#### ABOUT THIS TASK
Entries follow. Give back exactly the lines starting at the one containing "Para preparar as" and ending at the one containing "1 лист ногтей", and no other lines.

#### MATERIAL FOR THIS TASK

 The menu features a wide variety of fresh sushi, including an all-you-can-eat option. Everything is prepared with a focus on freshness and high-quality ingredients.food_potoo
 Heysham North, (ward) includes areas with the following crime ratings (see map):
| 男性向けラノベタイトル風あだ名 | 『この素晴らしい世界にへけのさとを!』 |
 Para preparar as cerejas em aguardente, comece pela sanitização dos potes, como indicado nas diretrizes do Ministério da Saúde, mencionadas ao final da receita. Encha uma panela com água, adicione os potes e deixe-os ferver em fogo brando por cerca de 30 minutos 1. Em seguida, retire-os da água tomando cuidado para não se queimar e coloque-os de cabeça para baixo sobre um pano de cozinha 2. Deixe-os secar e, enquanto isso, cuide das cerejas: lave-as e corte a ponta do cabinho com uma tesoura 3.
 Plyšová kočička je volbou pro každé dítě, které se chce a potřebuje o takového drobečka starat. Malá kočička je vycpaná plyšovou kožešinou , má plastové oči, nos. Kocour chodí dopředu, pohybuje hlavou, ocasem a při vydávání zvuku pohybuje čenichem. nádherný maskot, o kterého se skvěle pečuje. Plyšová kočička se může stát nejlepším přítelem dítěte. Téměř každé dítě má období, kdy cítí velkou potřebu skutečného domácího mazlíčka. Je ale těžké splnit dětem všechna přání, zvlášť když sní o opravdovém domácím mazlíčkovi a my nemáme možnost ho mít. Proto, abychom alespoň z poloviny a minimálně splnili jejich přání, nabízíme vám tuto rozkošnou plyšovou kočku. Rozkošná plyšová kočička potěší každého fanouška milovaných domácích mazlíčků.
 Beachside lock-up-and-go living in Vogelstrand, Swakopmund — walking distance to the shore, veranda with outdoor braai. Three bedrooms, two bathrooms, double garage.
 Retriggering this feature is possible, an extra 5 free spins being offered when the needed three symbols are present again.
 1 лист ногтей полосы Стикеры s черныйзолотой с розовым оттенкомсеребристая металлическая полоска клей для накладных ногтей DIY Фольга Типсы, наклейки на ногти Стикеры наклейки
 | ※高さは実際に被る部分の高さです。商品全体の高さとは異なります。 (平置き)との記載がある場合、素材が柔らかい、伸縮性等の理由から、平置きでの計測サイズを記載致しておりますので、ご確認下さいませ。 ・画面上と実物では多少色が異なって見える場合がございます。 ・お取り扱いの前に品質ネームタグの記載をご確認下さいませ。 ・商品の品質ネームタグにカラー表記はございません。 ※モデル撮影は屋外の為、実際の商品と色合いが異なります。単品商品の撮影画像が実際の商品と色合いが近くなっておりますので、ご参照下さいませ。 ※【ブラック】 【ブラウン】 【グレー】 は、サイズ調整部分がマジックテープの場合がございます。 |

#### WRITTEN ANSWER
 Para preparar as cerejas em aguardente, comece pela sanitização dos potes, como indicado nas diretrizes do Ministério da Saúde, mencionadas ao final da receita. Encha uma panela com água, adicione os potes e deixe-os ferver em fogo brando por cerca de 30 minutos 1. Em seguida, retire-os da água tomando cuidado para não se queimar e coloque-os de cabeça para baixo sobre um pano de cozinha 2. Deixe-os secar e, enquanto isso, cuide das cerejas: lave-as e corte a ponta do cabinho com uma tesoura 3.
 Plyšová kočička je volbou pro každé dítě, které se chce a potřebuje o takového drobečka starat. Malá kočička je vycpaná plyšovou kožešinou , má plastové oči, nos. Kocour chodí dopředu, pohybuje hlavou, ocasem a při vydávání zvuku pohybuje čenichem. nádherný maskot, o kterého se skvěle pečuje. Plyšová kočička se může stát nejlepším přítelem dítěte. Téměř každé dítě má období, kdy cítí velkou potřebu skutečného domácího mazlíčka. Je ale těžké splnit dětem všechna přání, zvlášť když sní o opravdovém domácím mazlíčkovi a my nemáme možnost ho mít. Proto, abychom alespoň z poloviny a minimálně splnili jejich přání, nabízíme vám tuto rozkošnou plyšovou kočku. Rozkošná plyšová kočička potěší každého fanouška milovaných domácích mazlíčků.
 Beachside lock-up-and-go living in Vogelstrand, Swakopmund — walking distance to the shore, veranda with outdoor braai. Three bedrooms, two bathrooms, double garage.
 Retriggering this feature is possible, an extra 5 free spins being offered when the needed three symbols are present again.
 1 лист ногтей полосы Стикеры s черныйзолотой с розовым оттенкомсеребристая металлическая полоска клей для накладных ногтей DIY Фольга Типсы, наклейки на ногти Стикеры наклейки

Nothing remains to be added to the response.